Senger's syndrome | |
Synonyms: | Congenital cataract-hypertrophic cardiomyopathy-mitochondrial myopathy syndrome, Cardiomyopathy and cataract. |
Symptoms: | Cataracts, fatigue, muscle weakness, hypotonia, lactic acidosis, and cardiomyopathy. |
Onset: | Birth |
Causes: | Mutations in the AGK and SLC25A4 genes. |
Frequency: | Rare |
Sengers syndrome is a rare autosomal recessive mitochondrial disease characterised by congenital cataract, hypertrophic cardiomyopathy, muscle weakness and lactic acidosis after exercise.[1] Biallelic pathogenic mutations in the AGK gene, which encodes the acylglycerol kinase enzyme, cause Sengers syndrome.[2] In addition, heart disease and muscle disease are prevalent, meaning that life expectancy is short for many patients.[3]
Cataracts often develop shortly after birth or at the time of birth. It may be necessary to have early surgery if they are dense enough to impair vision. Despite this, visual rehabilitation is less than ideal since vision is rarely normal and many children attend special schools for the blind.[3]
Additionally, skeletal muscles and the heart become weak because of this disorder. Common symptoms include fatigue, muscle weakness, and floppiness (hypotonia). It is often seen following exercise that you develop lactic acidosis, which is a medical condition that requires prompt treatment. A thickened heart muscle impairs its pumping ability (hypertrophic cardiomyopathy). The generalized muscle weakness can cause motor development to be delayed, despite normal intelligence.[3]

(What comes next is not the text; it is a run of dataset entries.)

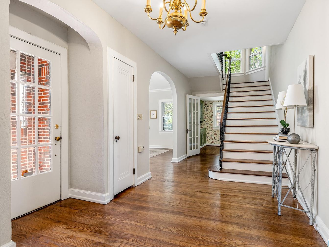 A spacious foyer with warm hardwood floors creates an inviting entryway. To the left, a glass-paneled door framed by red brick stands out against soft, off-white walls. The space features elegant arched entryways leading to adjacent rooms and a sweeping staircase with dark wooden railing and white steps, ascending toward a landing illuminated by large windows. A gold chandelier hangs overhead, adding a touch of vintage charm. A narrow decorative console table with a marble top is placed along the staircase wall, displaying a modern lamp and small art piece, blending historic architecture with tasteful, understated décor.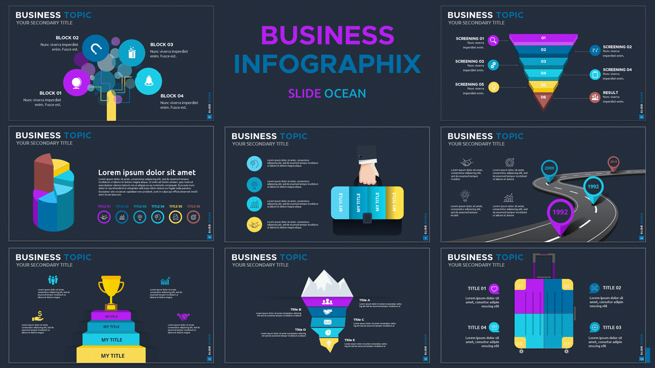 Nếu bạn đang tìm một bộ infographic siêu lớn – cực đa dạng – thiết kế chuẩn hiện đại để dùng cho mọi loại bài thuyết trình, thì đây chính là bộ sản phẩm toàn diện nhất từ Slideocean.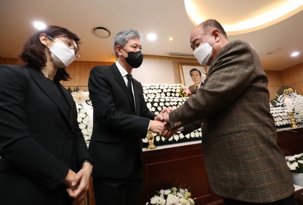 5.18 광주민주화운동 당시 전남도청에서 시민군 상황실장을 맡았던 박남선씨가 27일 서울대병원 장례식장에 마련된 노태우 전 대통령 빈소를 찾아 조문한 뒤 유족인 딸 노소영 아트센터 나비 관장, 아들 노재헌 동아시아문화센터 이사장과 대화하고 있다. 사진공동취재단노태우 전 대통령의 장례가 닷새간의 국가장으로 치러진다.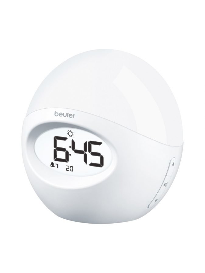Pyöreälinjainen sarastusvalo lisää valotehoaan kuin aito auringonnousu. Voit valita nopeamman, 15 minuutissa tapahtuvan kirkastumisen tai puolen tunnin herätyksen. Valon lisääntymisen jälkeen heräät lempeästi radioon tai hälytysääneen. Sarastusvaloon voi asettaa kaksi herätysaikaa, torkustustoiminnon keston voi valita 5−60 minuutin väliltä. Radiossa on kymmenen kanava-asetuksen muisti. Heräämisen lisäksi voit nukahtaa ajastettavaan radioon. Sisältää AUX-kaapelin, jolla valaisimen voi yhdistää MP3-soittimeen. Valoteho on säädettävissä, samoin voit valita väriä vaihtavan tunnelmavalon. Valaisinta voi käyttää myös yövalona. Valoteho 15 cm:n päästä on noin 15 Lux.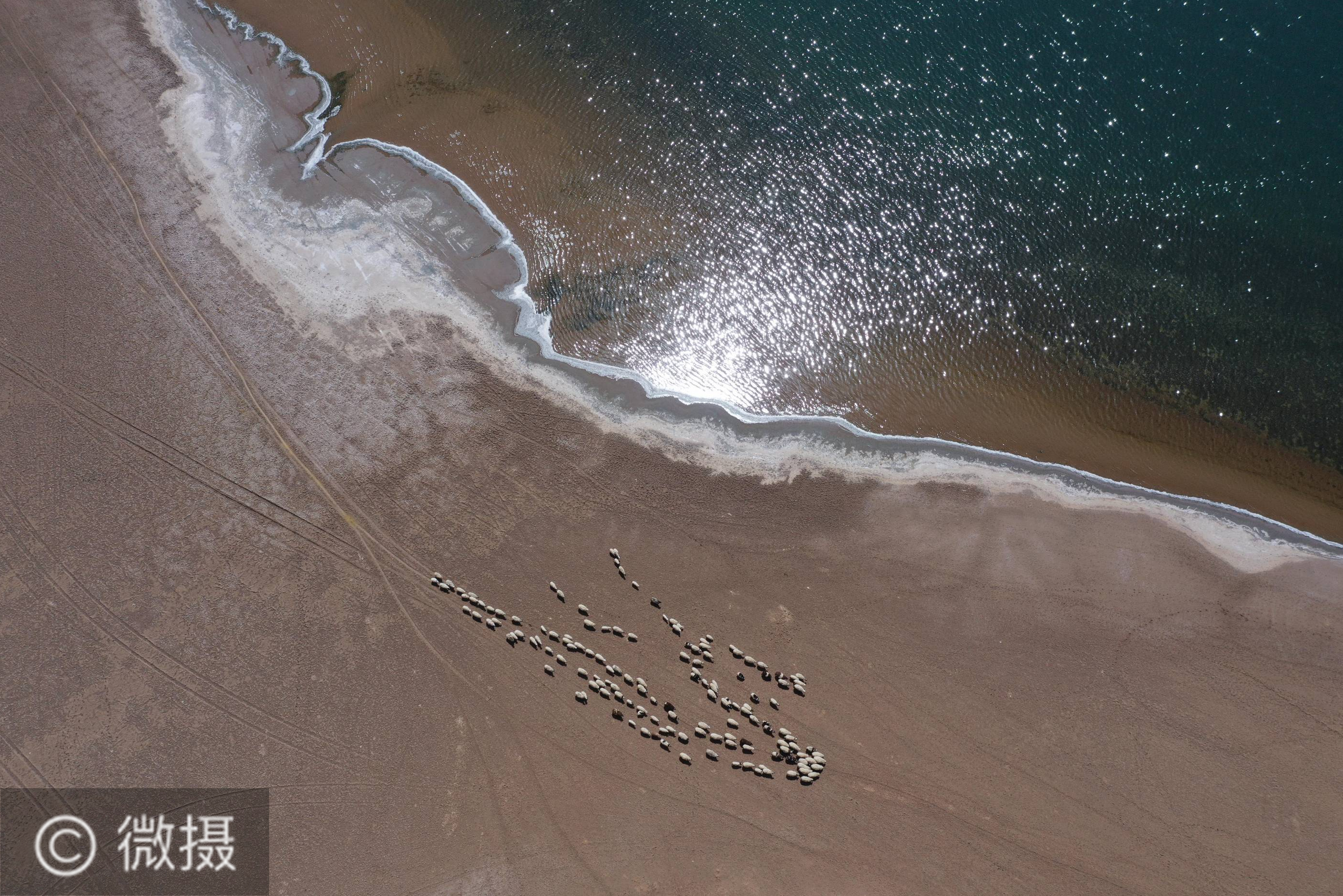 大漠深处 群湖竞艳。5月31日,羊群在巴丹吉林沙漠音德日图湖湖畔休憩(无人机照片)。内蒙古自治区巴丹吉林沙漠腹地分布着形状各异的湖泊。湖泊点缀黄沙之中,成为别致的风景。新华社记者 徐钦 摄

This disease is caused by mutations in AGK or SLC25A4 genes. The AGK gene encodes the mitochondrial acylglycerol kinase which plays a role in the assembly of adenine nucleotide translocator. The SLC25A4 gene encodes the heart and muscle-specific isoform 1 of the mitochondrial adenine nucleotide translocator.[2]
The diagnosis may be provisionally made on clinical grounds. Ophthalmologists, neurologists, cardiologists, and pediatricians are some of the specialists who can make the diagnosis. Because of the widespread impact of the disease, it is most likely to be a collaborative effort. Acute lactic acidosis and heart disease are the greatest threats to life and must be treated promptly. Yet, more than half of newborns die before they reach their second birthday, and some live a decade or more. In terms of severity, there is a considerable range.[3] Further diagnostic tests include serum and urine analysis for lactic acid, a chest X-ray (or cardiac CT or MRI) and echocardiography. Biopsies from cardiac and skeletal muscle will show the presence of lipid and glycogen. testing for mitochondrial abnormalities, ANT deficiency, and decreases of respiratory chain complexes I and IV can also be done.
Surgery for cataracts may be needed. Medical treatment for cardiac failure will be required. Treatment is otherwise supportive.
About half the patients die within the first year of life. Because of its rarity, the prognosis for the chronic form is not well established but survival into adulthood has been reported.
Sengers syndrome is a rare disorder. About 40 cases have been reported worldwide.[4]
This condition was first described in 1975.[5]